*What the task requires*: Make a verbatim copy of the records; pictures stay out.

Source records:
=== Begin Enclosure ===

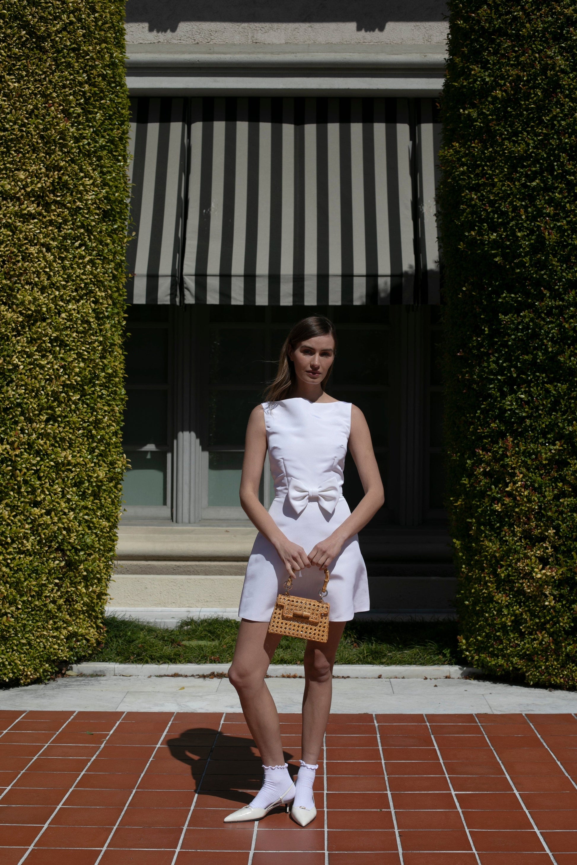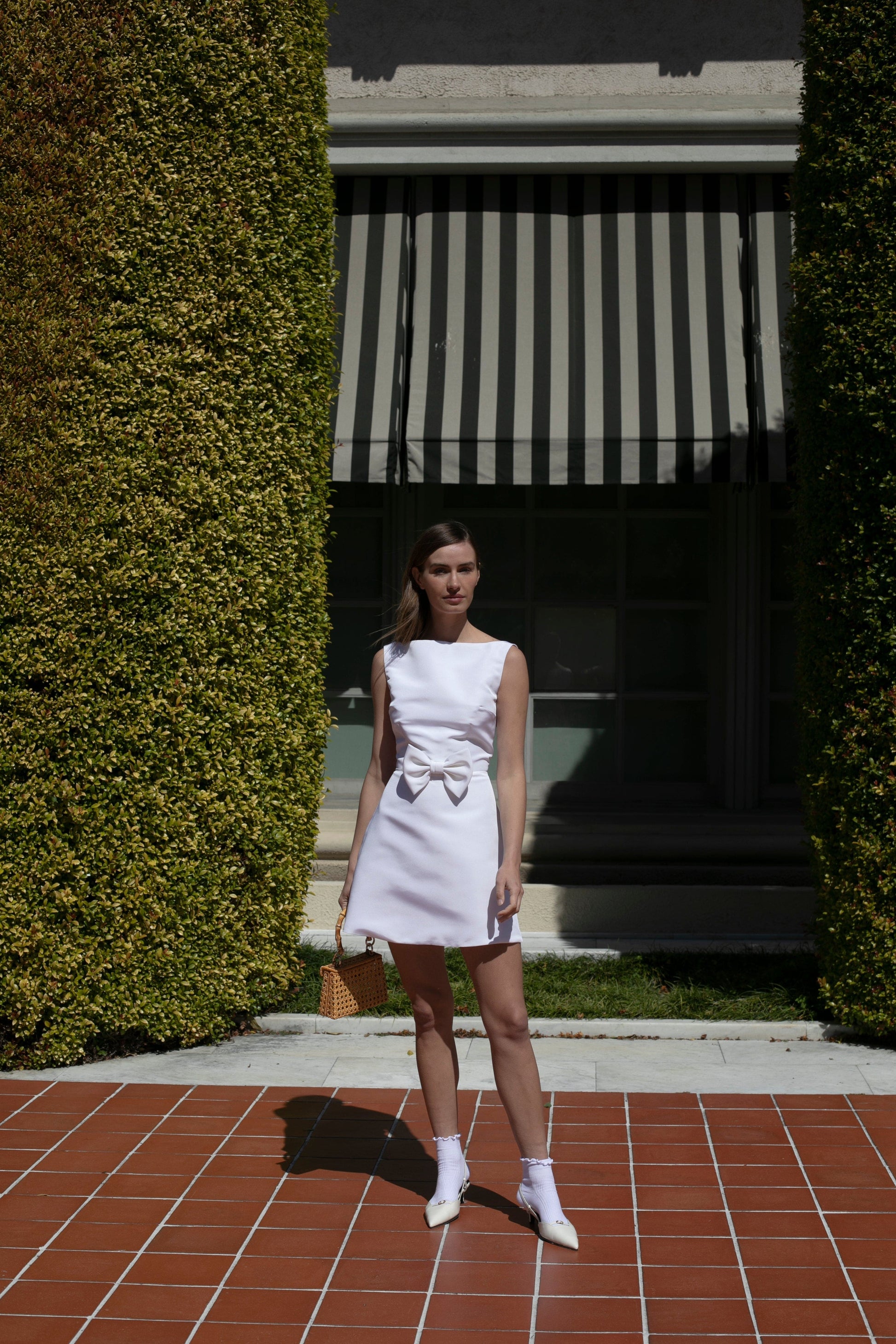 Issue de la collection capsule printemps Damaris Bailey x Caitlin Wilson, la robe Margo revisite une silhouette classique avec modernité. Dotée d'une encolure bateau, d'une taille cintrée ornée d'un nœud et d'une mini-jupe trapèze, la robe Margo est élégante et flatteuse pour les grandes occasions du printemps et de l'été. La robe Margo en Magnolia a été spécialement conçue pour les mariées.
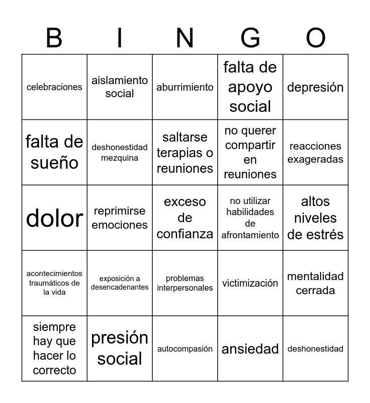 This bingo card has 25 words: acontecimientos traumáticos de la vida, presión social, exceso de confianza, ansiedad, depresión, celebraciones, aislamiento social, aburrimiento, no utilizar habilidades de afrontamiento, mentalidad cerrada, falta de sueño, deshonestidad mezquina, autocompasión, victimización, reacciones exageradas, siempre hay que hacer lo correcto, reprimirse emociones, saltarse terapias o reuniones, no querer compartir en reuniones, altos niveles de estrés, dolor, exposición a desencadenantes, problemas interpersonales, falta de apoyo social and deshonestidad.
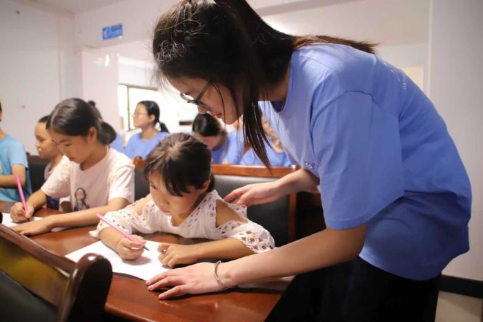 图为身着蓝色队服的实践队员正俯身指导儿童进行绘画创作。
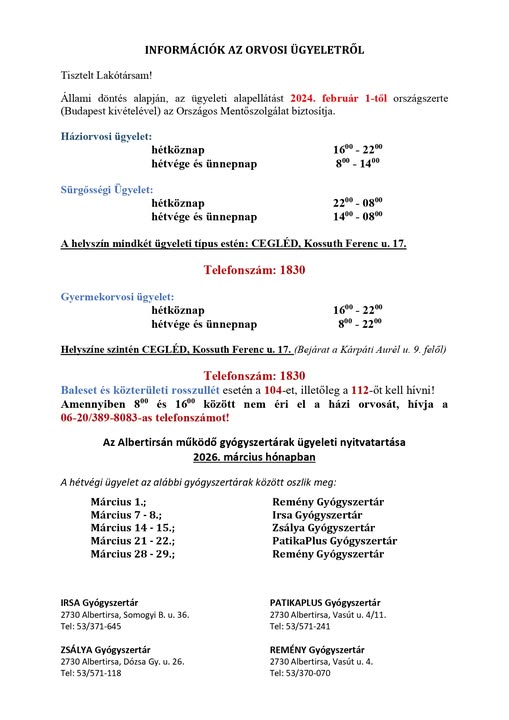 Ellátási körzet: Albertirsa, Dánszentmiklós, Mikebuda.
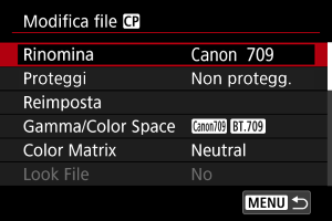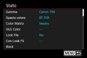 - Non è possibile usare un file look registrato se si cambiano le impostazioni [Gamma/Color Space], [HLG Color] o [Over 100%] dopo la registrazione.
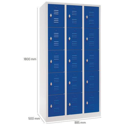 Uni med sockel är en serie små klädskåp/småfacksskåp där man själv kan konfigurera sitt skåp efter hur många fack man behöver, 2 till 15 per skåp. Skåpen är utrustade med dörrar med osynliga gångjärn, kuddar som dämpar ljud vid användning samt ventilation både upp- och nedtill på framsidan av dörrarna för att hålla luften i skåpen fräsch. Perfekt för alla slags miljöer där man behöver förvara allt från kläder, väskor och andra tillhörigheter. Småfackskåp Uni har hål i baksidan av skåpen för att kunna fästat i vägg - perfekt för den som vill ha en stabil och säker installation. Skåpen levereras monterat och utan lås - välj till cylinderlås med två nycklar eller klinka för hänglås samt hänglås. Plåt, tjocklek : 7/10e Garanti : 10 år
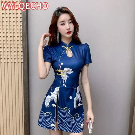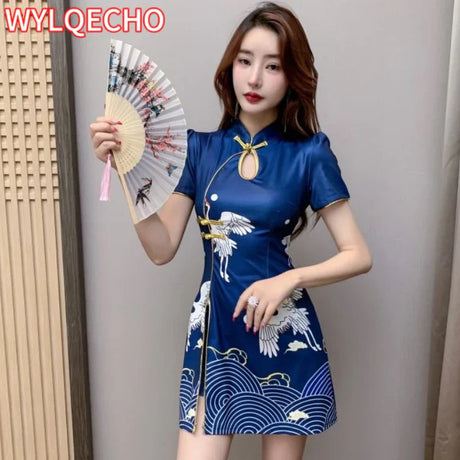 Vintage Chinese Traditional Qipao Cheongsam Sexy Mini Slim
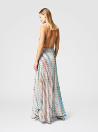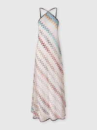 The mesh cover-up dress with zigzag pattern and sequins is a celebration of transparency and light. Crafted from lightweight, shimmering fabric, the garment features a halter neckline and an open back, with contrasting straps that add a graphic touch. The mesh work creates a seductive and sophisticated effect, transforming this dress into a key piece for a summer look with a glamorous and refined spirit. MORE DETAILS - Long cover-up dress - Mesh Processing - Zig zag pattern - Sequin inserts - Halter neckline Composition: EXTERNAL:95%Rayon, 3%Polyamide, 2%Polyester Care instructions: Ironing maximum temperature 110°C - without steam ; Dry cleaning in tetrachloroethene ; Do not tumble dry ; Do not wash ; Do not bleach Made in: Italy Product ID MS25SQ16BV00GQSM9MV
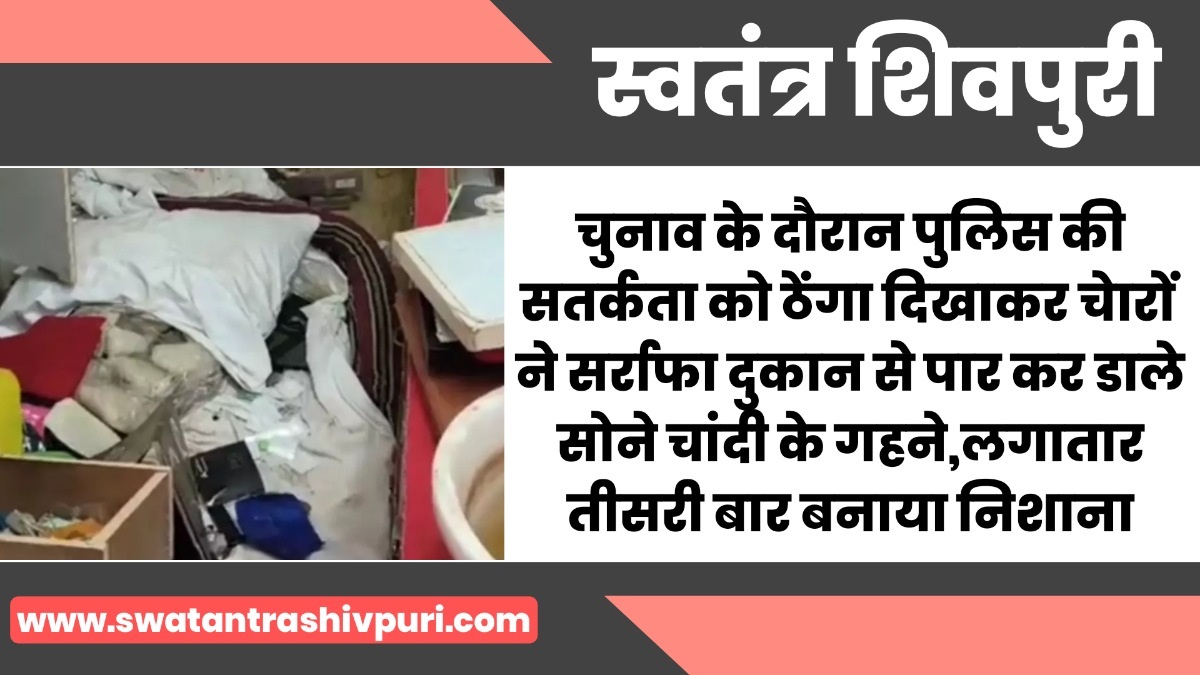 चुनाव के दौरान पुलिस की सर्तकता को ठेंगा दिखकर चेारों ने सर्राफा दुकान से पार कर डाले सोने चांदी के गहने,लगातार तीसरी बार बनाया निशाना
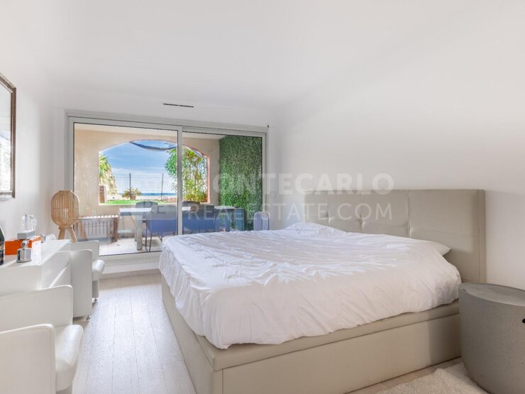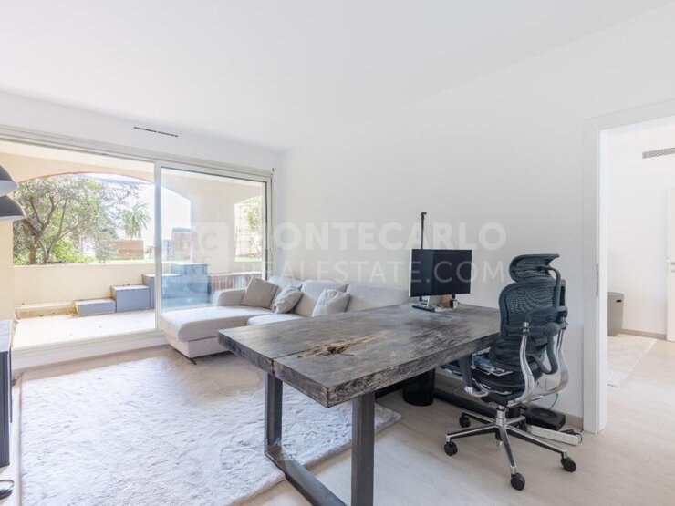 Au sein d'un immeuble entièrement rénové et avec concierge, cet appartement est composé d'une chambre, d'une cuisine équipée et séparée, de 2 dressings, d'une loggia ainsi que d'une terrasse. Une cave est incluse dans le prix et un emplacement de parking est disponible en sus à 350.000€. L'appartement est actuellement loué à 24 375€ charges incluses / trimestre Un jardin d'environ 30 m² participe à la vue agréable de l'appartement

=== End Enclosure ===

*Response*:
 Issue de la collection capsule printemps Damaris Bailey x Caitlin Wilson, la robe Margo revisite une silhouette classique avec modernité. Dotée d'une encolure bateau, d'une taille cintrée ornée d'un nœud et d'une mini-jupe trapèze, la robe Margo est élégante et flatteuse pour les grandes occasions du printemps et de l'été. La robe Margo en Magnolia a été spécialement conçue pour les mariées.
 This bingo card has 25 words: acontecimientos traumáticos de la vida, presión social, exceso de confianza, ansiedad, depresión, celebraciones, aislamiento social, aburrimiento, no utilizar habilidades de afrontamiento, mentalidad cerrada, falta de sueño, deshonestidad mezquina, autocompasión, victimización, reacciones exageradas, siempre hay que hacer lo correcto, reprimirse emociones, saltarse terapias o reuniones, no querer compartir en reuniones, altos niveles de estrés, dolor, exposición a desencadenantes, problemas interpersonales, falta de apoyo social and deshonestidad.
 图为身着蓝色队服的实践队员正俯身指导儿童进行绘画创作。
 Ellátási körzet: Albertirsa, Dánszentmiklós, Mikebuda.
 - Non è possibile usare un file look registrato se si cambiano le impostazioni [Gamma/Color Space], [HLG Color] o [Over 100%] dopo la registrazione.
 Uni med sockel är en serie små klädskåp/småfacksskåp där man själv kan konfigurera sitt skåp efter hur många fack man behöver, 2 till 15 per skåp. Skåpen är utrustade med dörrar med osynliga gångjärn, kuddar som dämpar ljud vid användning samt ventilation både upp- och nedtill på framsidan av dörrarna för att hålla luften i skåpen fräsch. Perfekt för alla slags miljöer där man behöver förvara allt från kläder, väskor och andra tillhörigheter. Småfackskåp Uni har hål i baksidan av skåpen för att kunna fästat i vägg - perfekt för den som vill ha en stabil och säker installation. Skåpen levereras monterat och utan lås - välj till cylinderlås med två nycklar eller klinka för hänglås samt hänglås. Plåt, tjocklek : 7/10e Garanti : 10 år
 Vintage Chinese Traditional Qipao Cheongsam Sexy Mini Slim
 The mesh cover-up dress with zigzag pattern and sequins is a celebration of transparency and light. Crafted from lightweight, shimmering fabric, the garment features a halter neckline and an open back, with contrasting straps that add a graphic touch. The mesh work creates a seductive and sophisticated effect, transforming this dress into a key piece for a summer look with a glamorous and refined spirit. MORE DETAILS - Long cover-up dress - Mesh Processing - Zig zag pattern - Sequin inserts - Halter neckline Composition: EXTERNAL:95%Rayon, 3%Polyamide, 2%Polyester Care instructions: Ironing maximum temperature 110°C - without steam ; Dry cleaning in tetrachloroethene ; Do not tumble dry ; Do not wash ; Do not bleach Made in: Italy Product ID MS25SQ16BV00GQSM9MV
 चुनाव के दौरान पुलिस की सर्तकता को ठेंगा दिखकर चेारों ने सर्राफा दुकान से पार कर डाले सोने चांदी के गहने,लगातार तीसरी बार बनाया निशाना
 Au sein d'un immeuble entièrement rénové et avec concierge, cet appartement est composé d'une chambre, d'une cuisine équipée et séparée, de 2 dressings, d'une loggia ainsi que d'une terrasse. Une cave est incluse dans le prix et un emplacement de parking est disponible en sus à 350.000€. L'appartement est actuellement loué à 24 375€ charges incluses / trimestre Un jardin d'environ 30 m² participe à la vue agréable de l'appartement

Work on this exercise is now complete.